Congrats over here and safe travels. I know I would be floating home.. Way to go!


----------



## GoldenSail (Dec 30, 2008)

That is fantabulous! Go Fisher and Anney!!!


----------



## fuzzbuzz (Aug 3, 2008)

Way to go Anney and Fisher!! :dblthumb2:You_Rock_


----------



## Kmullen (Feb 17, 2010)

Congrats!! I know I would b in the clouds for awhile!!


----------



## hotel4dogs (Sep 29, 2008)

that is just fantastic!! Huge congratulations! What's next?


----------



## Rainheart (Nov 28, 2010)

Congrats to you and Fisher, Anney!!


----------



## Maxs Mom (Mar 22, 2008)

Congratulations Anney and Fisher!!!!



hotel4dogs said:


> What's next?


They are going to Disney World!!!!

:curtain: Sorry I couldn't resist.


----------



## Penny & Maggie's Mom (Oct 4, 2007)

WOW! Huge congrats to Anney and Fisher!


----------



## nolefan (Nov 6, 2009)

Congratulations Anney and Fisher!
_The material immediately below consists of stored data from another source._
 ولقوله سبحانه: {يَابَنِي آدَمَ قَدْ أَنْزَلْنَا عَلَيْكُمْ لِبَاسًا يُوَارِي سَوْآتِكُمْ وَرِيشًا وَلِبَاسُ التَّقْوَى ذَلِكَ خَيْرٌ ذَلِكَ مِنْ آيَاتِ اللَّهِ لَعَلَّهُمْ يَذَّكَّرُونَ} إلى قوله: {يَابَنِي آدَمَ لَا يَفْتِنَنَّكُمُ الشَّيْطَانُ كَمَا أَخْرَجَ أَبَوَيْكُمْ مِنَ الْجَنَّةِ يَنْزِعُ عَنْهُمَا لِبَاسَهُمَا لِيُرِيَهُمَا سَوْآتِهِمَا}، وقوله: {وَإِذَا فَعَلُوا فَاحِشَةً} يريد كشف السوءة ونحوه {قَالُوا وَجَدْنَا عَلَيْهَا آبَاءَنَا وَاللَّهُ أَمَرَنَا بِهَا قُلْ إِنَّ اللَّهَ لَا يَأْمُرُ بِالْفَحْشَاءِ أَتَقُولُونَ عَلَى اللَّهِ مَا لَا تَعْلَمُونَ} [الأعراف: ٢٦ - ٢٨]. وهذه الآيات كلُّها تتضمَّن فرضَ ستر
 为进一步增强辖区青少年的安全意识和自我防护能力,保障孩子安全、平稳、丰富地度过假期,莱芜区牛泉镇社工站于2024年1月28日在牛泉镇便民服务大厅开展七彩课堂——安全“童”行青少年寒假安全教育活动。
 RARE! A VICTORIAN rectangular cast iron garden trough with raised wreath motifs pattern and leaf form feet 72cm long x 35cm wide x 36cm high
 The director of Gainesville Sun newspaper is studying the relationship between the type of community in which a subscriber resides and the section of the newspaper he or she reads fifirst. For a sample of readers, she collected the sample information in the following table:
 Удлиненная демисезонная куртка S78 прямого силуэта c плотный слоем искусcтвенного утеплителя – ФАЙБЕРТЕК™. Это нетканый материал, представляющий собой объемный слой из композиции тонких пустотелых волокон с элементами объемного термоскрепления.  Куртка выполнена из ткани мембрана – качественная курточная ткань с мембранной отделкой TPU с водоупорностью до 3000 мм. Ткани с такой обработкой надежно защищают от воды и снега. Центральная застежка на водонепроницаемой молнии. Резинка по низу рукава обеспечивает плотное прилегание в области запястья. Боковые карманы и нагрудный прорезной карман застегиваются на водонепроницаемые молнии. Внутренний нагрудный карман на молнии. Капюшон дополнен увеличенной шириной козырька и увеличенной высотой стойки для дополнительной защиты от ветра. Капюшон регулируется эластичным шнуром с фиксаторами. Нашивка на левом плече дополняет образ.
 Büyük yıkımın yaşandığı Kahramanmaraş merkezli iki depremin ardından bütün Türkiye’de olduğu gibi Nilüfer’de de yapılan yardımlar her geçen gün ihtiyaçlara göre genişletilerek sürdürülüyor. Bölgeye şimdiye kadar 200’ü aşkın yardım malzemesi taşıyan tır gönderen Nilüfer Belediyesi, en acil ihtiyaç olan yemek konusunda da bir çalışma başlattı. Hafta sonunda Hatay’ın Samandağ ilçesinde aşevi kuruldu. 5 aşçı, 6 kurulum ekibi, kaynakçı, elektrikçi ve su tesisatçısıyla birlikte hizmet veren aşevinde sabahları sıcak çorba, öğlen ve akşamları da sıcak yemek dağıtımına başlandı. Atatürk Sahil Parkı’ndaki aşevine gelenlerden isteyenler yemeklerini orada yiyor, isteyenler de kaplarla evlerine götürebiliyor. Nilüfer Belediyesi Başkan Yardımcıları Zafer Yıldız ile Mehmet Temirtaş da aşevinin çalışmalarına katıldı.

So fantastic!!! We need a photo!!!


----------



## LibertyME (Jan 6, 2007)

WoooHoooo!!! Way to Go Fisher and Anney!


----------



## DNL2448 (Feb 13, 2009)

This is HUGE!! Fisher is now in a very elite group of Goldens. Congratulations Anney and Fisher!!!!


----------



## Pointgold (Jun 6, 2007)

Congrats to Anney and Fisher! Not only is it awesome news for them, personally, but it is just plain great for the breed! WAY TO GO :appl:!


----------



## chipstone (May 24, 2010)

Congrats! Great accomplishment!


----------



## kilowattgoldens (Feb 23, 2011)

Congratulations...fisher is amazing and the two of you together are unstoppable!!!


----------



## sterregold (Dec 9, 2009)

arty2:arty::yipee:


----------



## Radarsdad (Apr 18, 2011)

Congrats to Team Fisher, I want to know what's next, QAA?


----------



## hollyk (Feb 21, 2009)

Congratulations Anney and Fisher. What a journey you are on! Can't wait to hear all about it when you are home and rested.


----------



## sammydog (Aug 23, 2008)

WOOT WOOT!!! What a simply amazing accomplishment, and all O/H! Looking forward to hearing all about it! Enjoy your time up in the clouds!

I want to know too, whats next?


----------